Жена бургомистра - Эберс Георг Мориц (книги без регистрации полные версии .txt) 📗
— Скажите ему еще, — крикнул ей в лицо торговец скотом, который, кажется, еще мало был задет нуждой, — скажите ему, что быков можно резать, и чем больше, тем лучше; но лейденские граждане…
Торговец скотом не успел кончить своих слов, как из «Векселя» выскочил господин Акванус, увидевший из своего «Angulus'a», что происходит вокруг госпожи бургомистерши. Войдя в толпу недовольных, он закричал:
— Стыдитесь! Упрекать на улице честную женщину! Неужели это лейденский обычай? Позвольте мне вашу руку, госпожа Мария, и если я услышу еще хоть одно оскорбительное слово, я позову городских служителей. Я вас знаю! Около синего камня еще стоит виселица, которую велел построить для таких, как вы, господин ван Бронкхорст. Кто из вас хочет обновить ее?
Те, кого касались эти слова, не отличались особенным мужеством, и потому, когда Акванус повел молодую женщину в «Вексель», не послышалось ни единого слова. Жена и дочь хозяина приняли Марию в своем жилище, отделенном от комнат гостиницы, и просили ее подождать здесь, пока разойдется толпа. Но Марию тянуло домой, и когда она объяснила, что ей нужно идти, Акванус предложил себя в провожатые.

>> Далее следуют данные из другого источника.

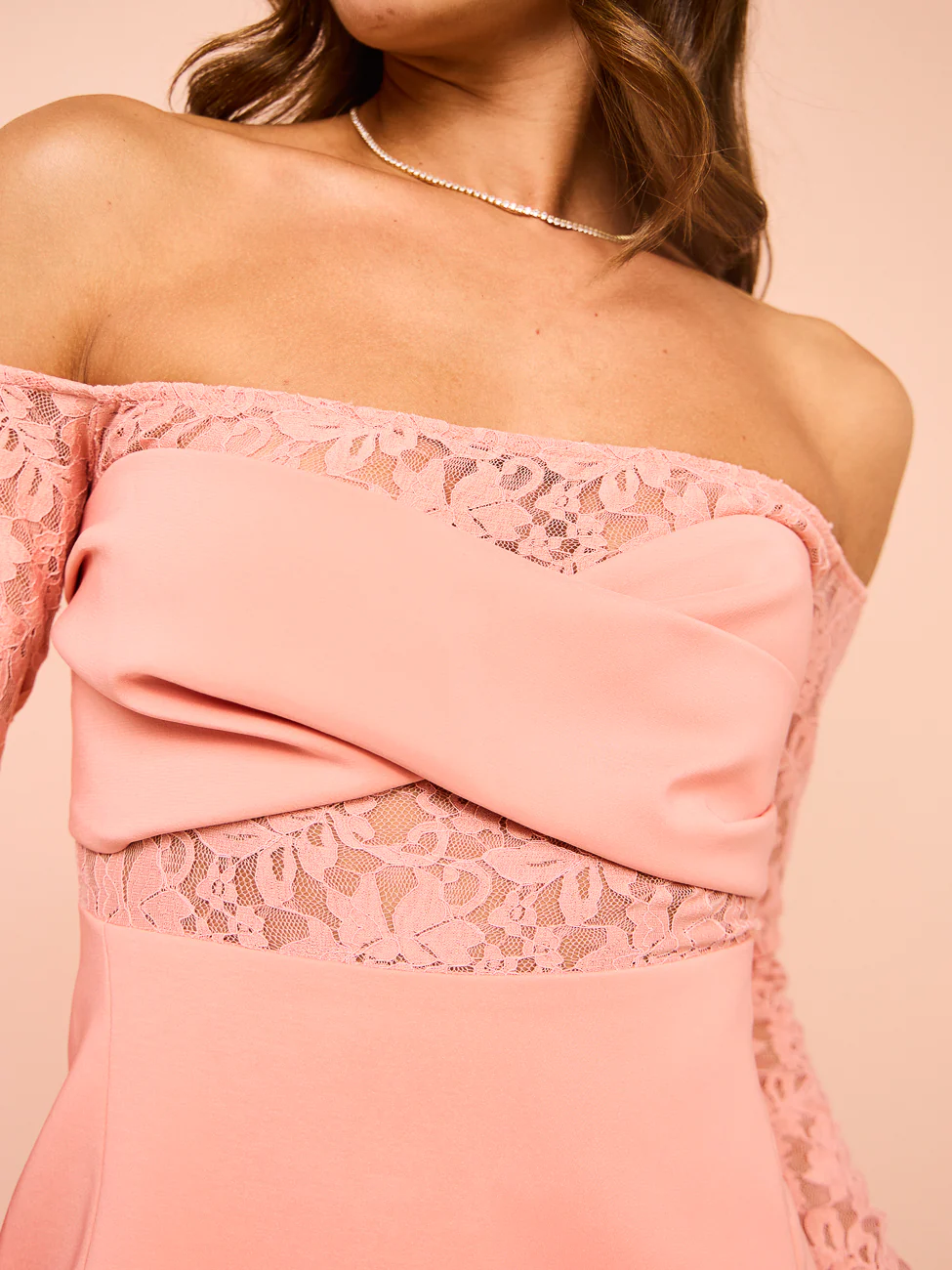 Crafted from a delicate stretch lace, this mini dress features an off the shoulder neckline and exaggerated volume skirt.
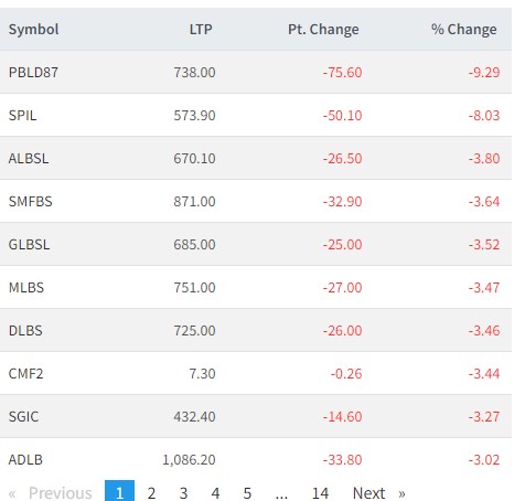त्यस्तै, सिद्धार्थ प्रिमियम, आशा लघुवित्त, स्वाभिमान लघुवित्त, गुराँस लघुवित्त, मानुषी लघुवित्त, धौलागीरी लघुवित्त, सिटिजन म्युचुअल फण्ड २, सानिमा जिआईसी र आर्दश लघुवित्तको शेयर ओरालोतर्फ लागेको छ ।

В дверях стоял Георг фон Дорнбург, который при виде их отступил с почтительным поклоном от дверей, но хозяин «Векселя» позвал его и сказал:
— Сегодня у меня будет много дел: многим захочется пропустить стаканчик после хорошего известия. Не сердитесь на меня, пожалуйста, госпожа бургомистерша, но юнкер проводит вас так же хорошо, как и я… а вы, господин фон Дорнбург?…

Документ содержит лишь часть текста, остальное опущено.